It has now been a year since I met my twinflame, see 25 was 42. It was a pure feeling of love that I could not explain, I had never felt as intense a feeling as someone said. We found it very well together and were drawn to each other like magnets. We liked the mutual attention we gave each other and we wanted that too. The emotional bond between the two of us was very strong. We instinctively understood each other. Yet we were two unique different people with their own unique qualities, tastes of interests and lifestyles, and yet we immensely enjoyed each other’s company, trying to invent everything in the workplace just to be together, and putting each other in a happy mood and made each other laugh and we felt very open, loose and jovial around us.

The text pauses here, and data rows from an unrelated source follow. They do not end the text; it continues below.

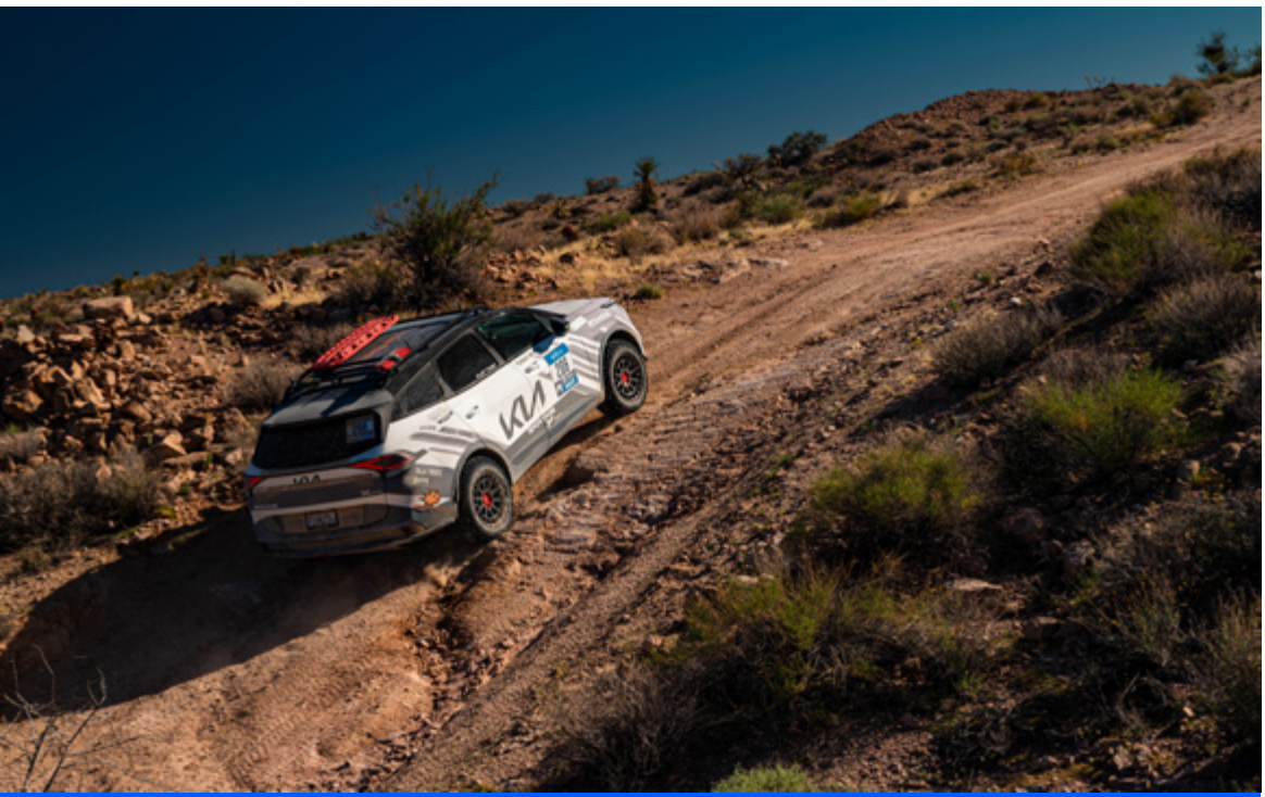
The Kia Sportage climbing a steep hill

the successful N3 platform and has received numerous critical praises. Points of note from automotive critics have been the model’s Terrain Mode which, depending on conditions, automatically adjusts various vehicle settings for optimal safety. Also receiving raves from both critics and owners alike is a three inch increase in legroom with a bit more headroom to boot. The fifth gen Sportage is also American made, produced at Kia Motors Manufacturing in West Point, Georgia, representing a $1 billion investment into U.S. infrastructure that opened in February 2010. You may be asking “Did the 2023 Sportage earn a Top Safety Pick award from the Insurance Institute for Highway Safety?” You bet your bottom dollar it did. As a matter of fact, the Kia Sportage earned its best safety score ever for this model year.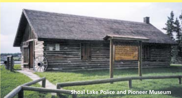
Shoal Lake Police and Pioneer Museum

The restored CPR station and residence located on Main Street in Strathclair is home to a collection of local artifacts and memorabilia. But of special interest is the fact that it also houses the original St. George's Hepworth Anglican Church and a blacksmith shop. Phone 204-365-2196.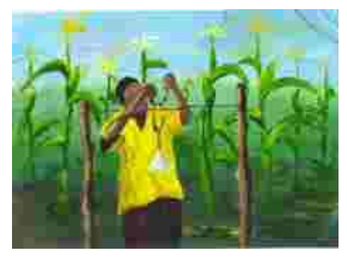
A farmer hanging a bell on rope

Hang alarm bells on fence round your farms to warn you of the presence of elephants. The noise from bells can also drive elephants away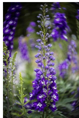
Twist 60 Optic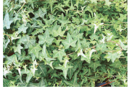
English Ivy (Hedera helix) spreads heavily across all levels of vegetation and can quickly overwhelm and outcompete native plant species.

What else can we do to combat this problem? First, it is important to learn what an invasive plant species is, which ones have become endemic in our area, and how we can all work together to protect our native plant species.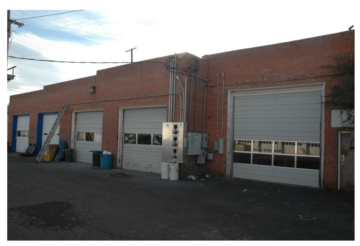
CD 1, Image 181, View to WSW of rear (east)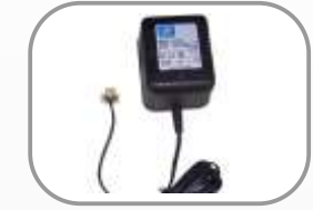
7.2V Ni-Cd/Ni-MH Charger (US Standard) Item No: TE202-2 Input: 120V 60Hz 12W Output: 7.2V 3.50mA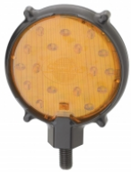
Part Number 0341931 12-24V SAE Double-Sided LED Turn Signal with Guard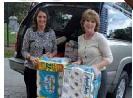
Lewis Gale employees provided much needed paper product supplies for our shelters.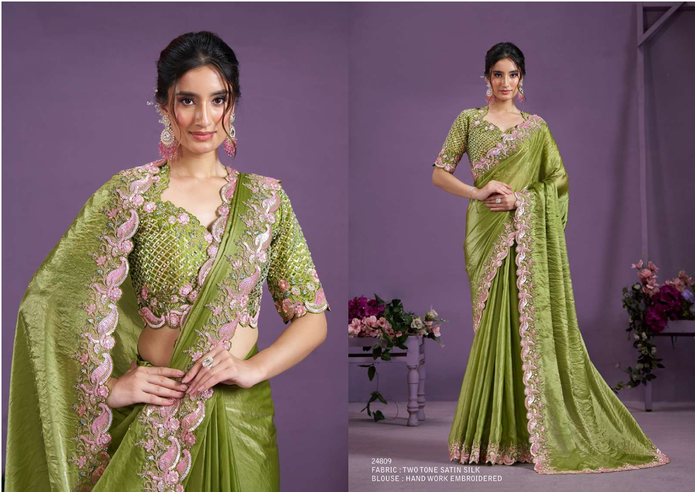
24809 FABRIC : TWO TONE SATIN SILK BLOUSE : HAND WORK EMBROIDERED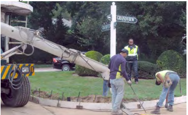
Concrete road work on Plandome Ct.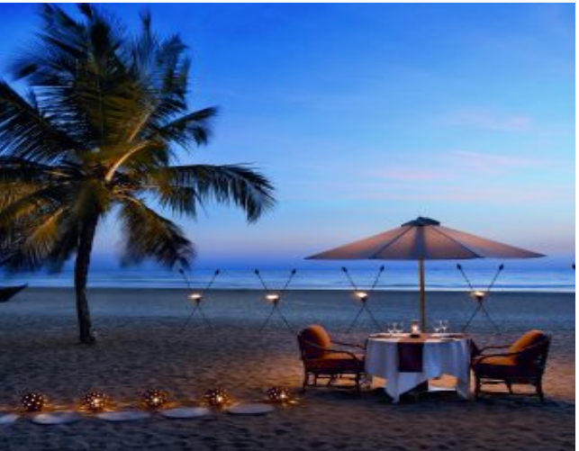
Romantic Dining on the Beach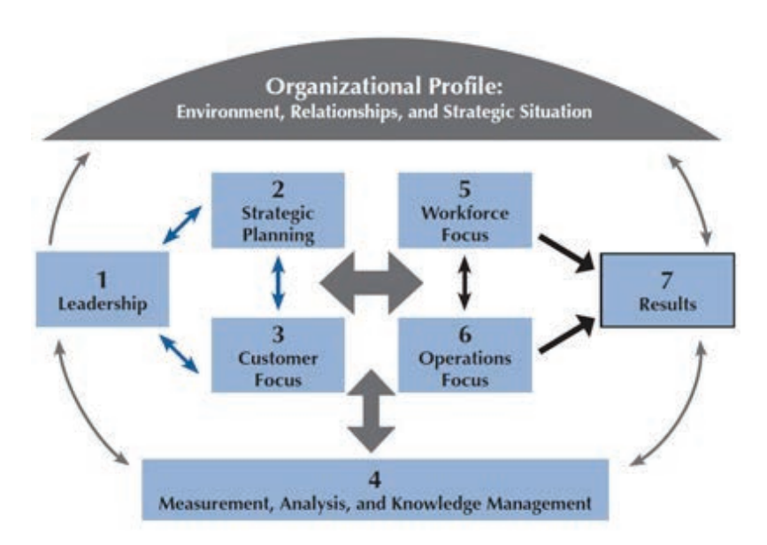
Figure 1. Criteria for Performance Excellence (2012)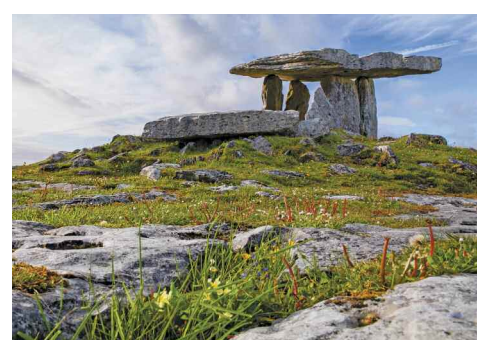
Poulnabrone dolmen, Burren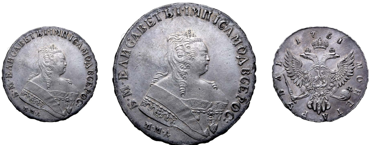
173. Russia, Empire. Elizabeth AR Rouble. Red mint, 1751. Б • М • ЕЛИСАВЕТЪ • І • ІМП : ІСАМОД : ВСЕРОС .; crowned and draped bust to right; М•М•Д below / Crowned double-headed eagle facing with wings spread, wearing shield on breast depicting St. George slaying the dragon, and holding sceptre and orb; crown above, denomination and date around. Edge inscription: МОСКОВСКОГО *** МАНЕТНОГО * ДВОРА ***. Bitkin 123.

From the GK Collection (France) of Russian Coins.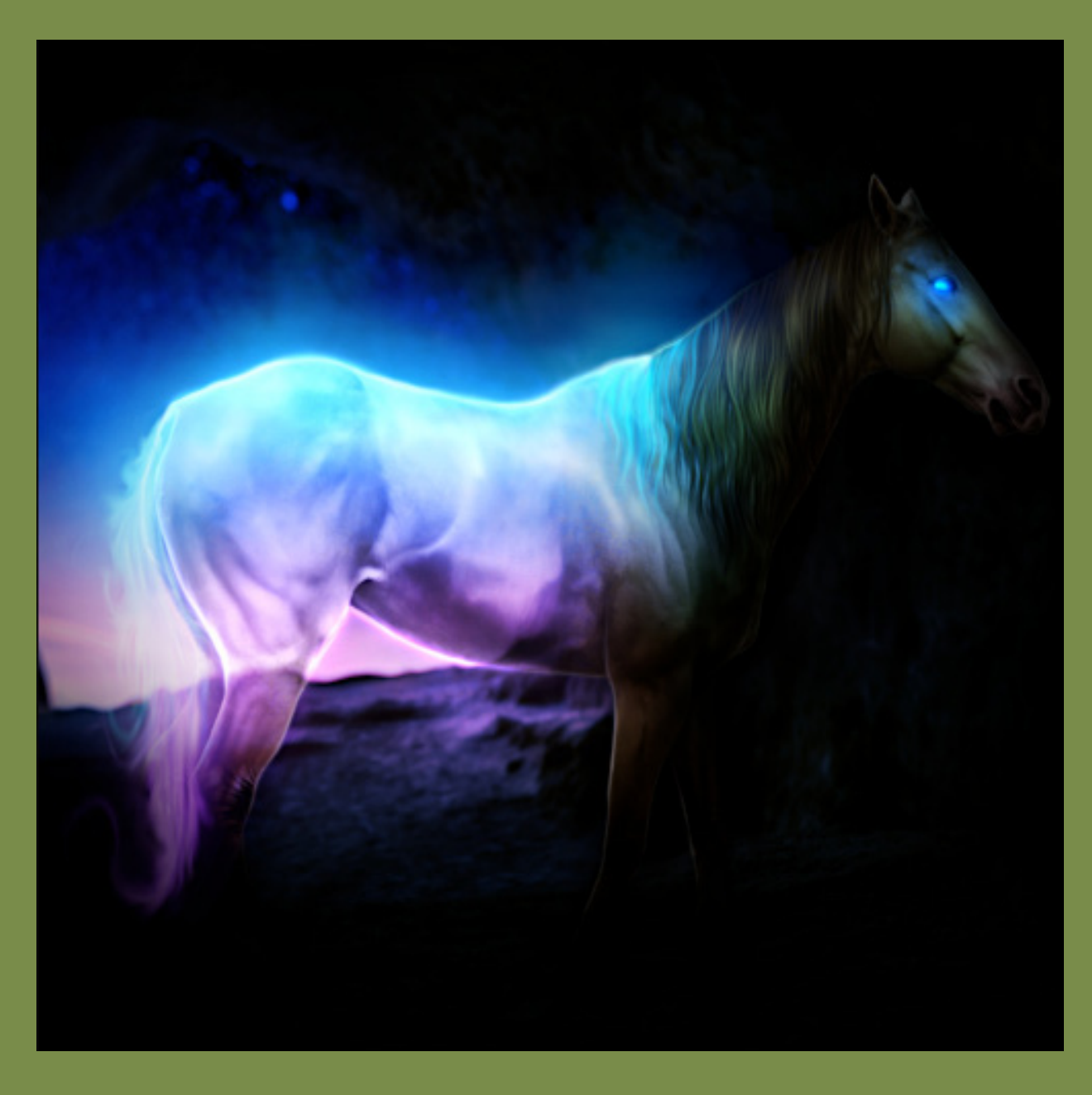
Ethereal glowy horse by Luminescent Hollow! (239615)

We also shared a strong sense of sympathy and shared idealism (mutual acceptance). But at some point the rejection and attraction started, which gave us both a deep emotional rotten feeling inside. I then began to understand that I was looking at myself, and that this was a learning process, and we had to learn something from each other, because we were pulling out of each other’s deepest, hidden feelings, drives, needs, and ambitions. .
Uncovering our inner needs and desires is probably a reason for both of us to make some important changes in personality and communication, we share a deep, inner bond; this is not a light or superficial bond!
Rejecting and attracting is going very fast now, and I think letting go of each other is in sight, I hope, because you are going through hell with your feelings.